## Task prompt
Using the entries that follow, write out the line containing "V左右。對(duì)于控制器基本輸出功率指標(biāo),可以算出額定電流為2 O00/270=7.4 A。功率器件選用了", the line containing "A âncora da", and every line between them, exactly and nothing else.

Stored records

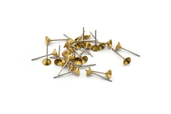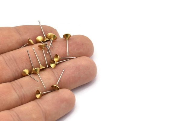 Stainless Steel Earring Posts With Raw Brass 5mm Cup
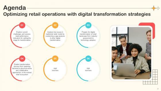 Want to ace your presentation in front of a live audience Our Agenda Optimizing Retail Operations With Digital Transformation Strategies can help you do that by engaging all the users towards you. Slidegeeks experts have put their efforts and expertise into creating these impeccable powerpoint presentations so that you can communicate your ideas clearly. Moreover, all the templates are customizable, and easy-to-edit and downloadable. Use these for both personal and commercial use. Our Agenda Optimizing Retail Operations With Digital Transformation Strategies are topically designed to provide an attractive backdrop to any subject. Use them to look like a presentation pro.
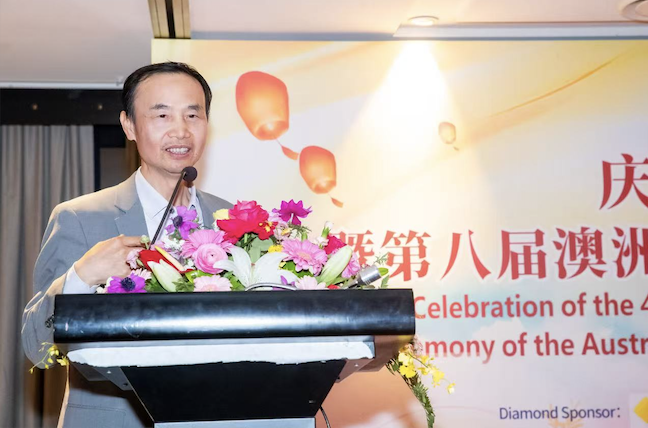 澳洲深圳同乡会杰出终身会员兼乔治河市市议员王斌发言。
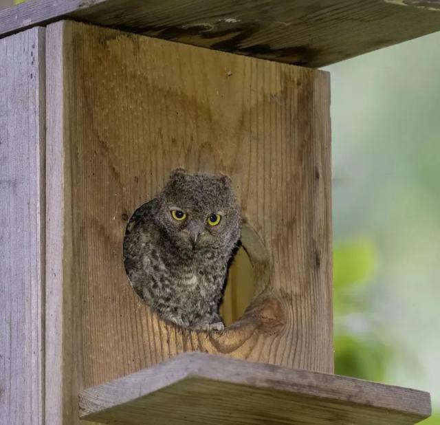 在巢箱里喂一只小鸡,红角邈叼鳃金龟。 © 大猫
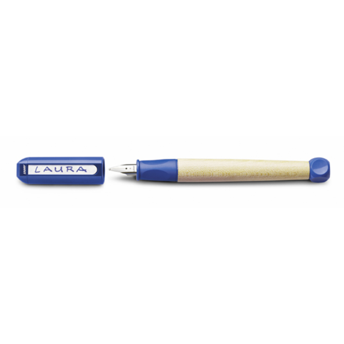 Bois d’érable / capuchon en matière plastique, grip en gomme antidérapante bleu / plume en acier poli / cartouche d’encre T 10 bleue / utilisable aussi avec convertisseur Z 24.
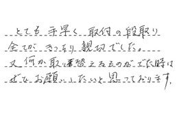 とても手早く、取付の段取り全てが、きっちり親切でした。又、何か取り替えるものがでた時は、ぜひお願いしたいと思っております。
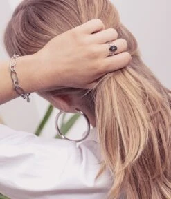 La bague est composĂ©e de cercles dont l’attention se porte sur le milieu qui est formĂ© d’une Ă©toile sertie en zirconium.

==

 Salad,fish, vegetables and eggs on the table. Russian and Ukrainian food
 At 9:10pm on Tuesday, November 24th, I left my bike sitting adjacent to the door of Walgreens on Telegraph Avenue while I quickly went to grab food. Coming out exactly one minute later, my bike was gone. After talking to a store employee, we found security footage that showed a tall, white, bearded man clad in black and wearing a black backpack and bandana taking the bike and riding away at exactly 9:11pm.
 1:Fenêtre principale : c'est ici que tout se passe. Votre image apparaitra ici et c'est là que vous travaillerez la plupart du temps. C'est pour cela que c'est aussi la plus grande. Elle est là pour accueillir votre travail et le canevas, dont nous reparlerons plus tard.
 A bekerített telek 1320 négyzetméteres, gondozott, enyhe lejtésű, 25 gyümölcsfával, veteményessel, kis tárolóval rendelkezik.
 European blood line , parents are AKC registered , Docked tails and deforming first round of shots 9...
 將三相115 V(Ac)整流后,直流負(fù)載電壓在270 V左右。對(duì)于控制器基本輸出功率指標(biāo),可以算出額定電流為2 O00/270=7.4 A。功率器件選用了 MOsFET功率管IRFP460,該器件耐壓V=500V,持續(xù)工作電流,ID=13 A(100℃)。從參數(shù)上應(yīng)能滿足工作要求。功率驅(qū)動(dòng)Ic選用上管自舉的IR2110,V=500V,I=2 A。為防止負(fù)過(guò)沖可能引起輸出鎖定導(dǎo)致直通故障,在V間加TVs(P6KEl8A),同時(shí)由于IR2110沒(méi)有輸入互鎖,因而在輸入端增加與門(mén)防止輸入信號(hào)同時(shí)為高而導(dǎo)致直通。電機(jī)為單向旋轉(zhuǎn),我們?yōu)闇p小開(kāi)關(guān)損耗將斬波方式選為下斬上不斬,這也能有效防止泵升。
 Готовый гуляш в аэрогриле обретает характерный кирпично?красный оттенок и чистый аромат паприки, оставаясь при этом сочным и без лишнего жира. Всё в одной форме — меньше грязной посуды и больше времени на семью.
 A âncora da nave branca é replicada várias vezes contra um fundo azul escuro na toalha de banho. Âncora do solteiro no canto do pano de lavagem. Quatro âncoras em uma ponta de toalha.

## Exercise answer
 將三相115 V(Ac)整流后,直流負(fù)載電壓在270 V左右。對(duì)于控制器基本輸出功率指標(biāo),可以算出額定電流為2 O00/270=7.4 A。功率器件選用了 MOsFET功率管IRFP460,該器件耐壓V=500V,持續(xù)工作電流,ID=13 A(100℃)。從參數(shù)上應(yīng)能滿足工作要求。功率驅(qū)動(dòng)Ic選用上管自舉的IR2110,V=500V,I=2 A。為防止負(fù)過(guò)沖可能引起輸出鎖定導(dǎo)致直通故障,在V間加TVs(P6KEl8A),同時(shí)由于IR2110沒(méi)有輸入互鎖,因而在輸入端增加與門(mén)防止輸入信號(hào)同時(shí)為高而導(dǎo)致直通。電機(jī)為單向旋轉(zhuǎn),我們?yōu)闇p小開(kāi)關(guān)損耗將斬波方式選為下斬上不斬,這也能有效防止泵升。
 Готовый гуляш в аэрогриле обретает характерный кирпично?красный оттенок и чистый аромат паприки, оставаясь при этом сочным и без лишнего жира. Всё в одной форме — меньше грязной посуды и больше времени на семью.
 A âncora da nave branca é replicada várias vezes contra um fundo azul escuro na toalha de banho. Âncora do solteiro no canto do pano de lavagem. Quatro âncoras em uma ponta de toalha.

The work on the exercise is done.